Lesson in software security for game programmers

PlayNoEvil pointed to an interesting old story about analysing a seeming innocent-looking shuffle algorithm for Texas Holdem’. Makes for a very good read. And proves that the behavior of most code is not fundamentally understood even by the person who wrote the code.

This reminded me of an old bug I reported on PHP, which was causing similar huge security issues on a number of website, the owners of whom ended up never knowing they had had a problem. The issues was that a number of open source PHP-based applications used the following algorithm (which was also suggested in PHP website) to generate random passwords who registered or wanted their passwords reset:

password = “”;
$array = array(‘a’,’b’,’c’,’d’,’e’,’f’,’g’,’h’,’i’,’j’,’k’,’l’,’m’,’ n’,’o’,’p’,’q’,’r’,’s’,’t’,’u’,’v’,’w’,’x’,’y’,’z’,0,1,2,4, 5,6,7,8,9);
for ($i=0; $i<6; $i++) { $password .= $array[$i]; } Looks innocent, right? An array of wanted characters is shuffled to random order and the first six are concatenated to form the new password. The issue here is, the programmer assumes the shuffle is actually random. And on some systems, it was, some it wasn’t. The c-language implementation of PHP’s shuffle sorting at the time was the following: (php_rand() % 2) ? 1 : -1 where php_rand was actually using the platform’s native rand() call. The cunning reader notices the algorithm really only uses the least significant bit of the generated random number, and hence relies on the stream of least significant bits being random. This is the point where the chain of assumptions failed. On Solaris and Linux of the time (and maybe still!), the least significant bit of the generated random numbers wasn’t random at all. If you generate a sequence of random numbers on these systems with rand(), the LSB always follows one of the following four patterns, depending on which point in the sequence in the grand scheme of things you start iterating: 1001, 0011, 0110 or 1100. Now where does this leave our password algorithm?
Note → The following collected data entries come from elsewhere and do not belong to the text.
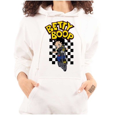 Betty Boop Biker Glamour On Wheels Hoodie Sweatshirt Women Licensed Brisco Brands White s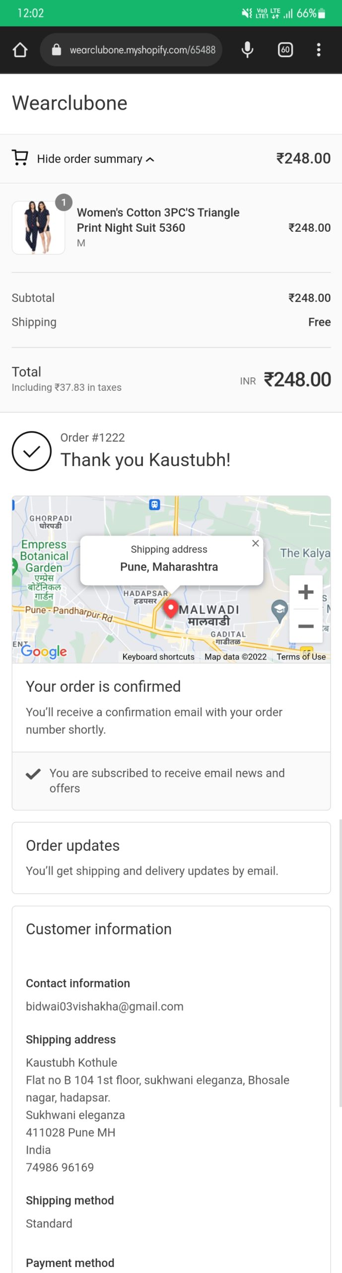 I ordered night suit on 20/07/22 with full paid amount of 248.00/- Rs. but still i didn’t received my ordered product . i am trying to reach customer care of wearclubone . but its failed. i want my money back in any condition. its a fraud site. dont purchase on this site at all.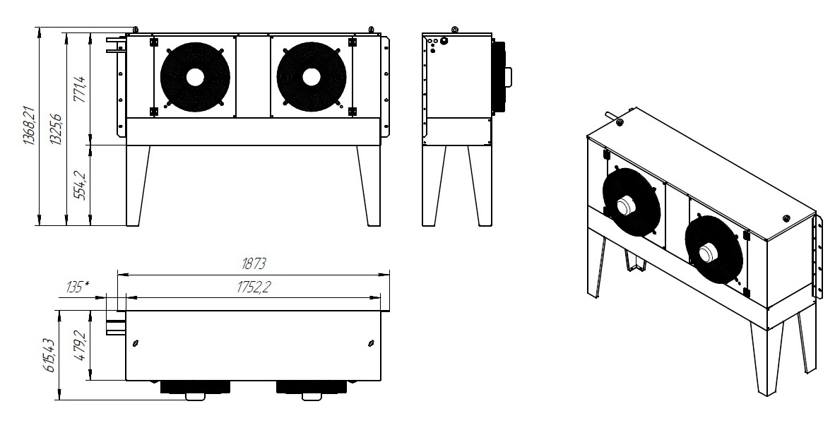 - корпус из оцинкованной стали толщиной 1 мм с полимерным покрытием (порошковая краска. RAL 9016, белый)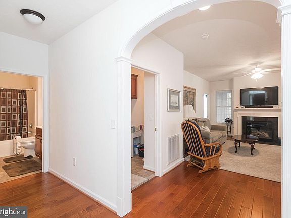 Welcome home to the beautiful 2 bedroom 2 full bath detached twin Adirondack model home in desirable Stoner's Farm. This open floor plan makes entertaining easy while preparing food in the large kitchen and remaining part of the fun and conversation in the expansive gathering room. Large windows provide plenty of natural light to the dining area which also provides easy access to the veranda where you can enjoy BBQ or relax on these hot summer days and evenings. Inside, the generously sized gathering room offers a marble gas fireplace and TV which is included for your pleasure. The master ensuite includes a large full bath with his and her vanities, separate shower and large walk-in closet. The garage walls are painted & dry-walled with pull-down stairs for easy access to attic storage along with a utility closet where the furnace and hot water heater are located. This home is a complete package and ready for a new owner.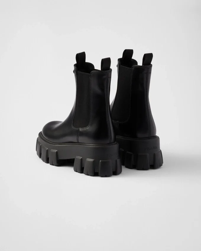 力強いラインと大胆なボリュームが、ブラッシュドレザー製のこのチェルシーブーツのシルエットを形作っています。Pradaの二面的な美学を表現するハイブリッドなデザインは、幾何学的でモダニズム的な特徴を持つ独自のMonolithソールによって強調され、シューズにユニークなタッチを加えています。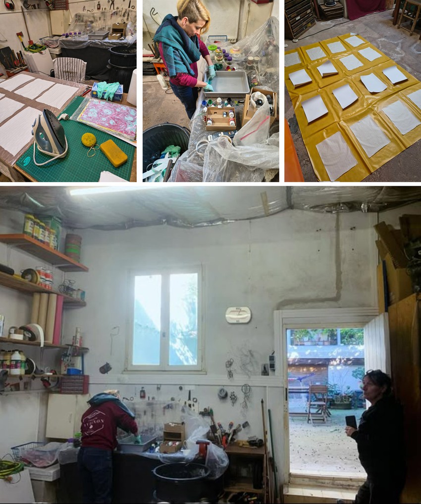 Dans le cadre de ses recherches créatives, Eva Debreceni s’est installée dans l'atelier de production avec beaucoup d’espace et un point d’eau pour expérimenter l'état fluide qui était au centre de sa dernière résidence. Elle a pu essayer des compositions à base d'encre et d’eau qui nécessitent de long temps de pause, formules et processus sur papier amenés à être transférer dans un second temps sur son corps. Pour l’exploration de cette technique sur sa peau, l'artiste prévoit une autre période de résidence pour affiner et mettre au point ses premiers résultats.

The answer is, on the affected systems the above algorithm only ever generated four different passwords, because there only were four different shuffles. These four looked random, but weren’t. And any user could generate the four combinations by just requesting a password reset a few times, after which you could request the password of someone else be reset. To resolve the issue, PHP was changed to use an algorithm that generates a more random sequence of LSB’s. One could also point that sending passwords to users when they register or want one reset is exceedingly stupid, but I’ll leave that as an exercise to the reader. I’d be interested to know how many pieces of software still use the LSB from rand(), though. Update: reading what I wrote made me think the story is a bit strange, coming from someone working as a concept designer. But hey, knowing a broad range of stuff can’t hurt.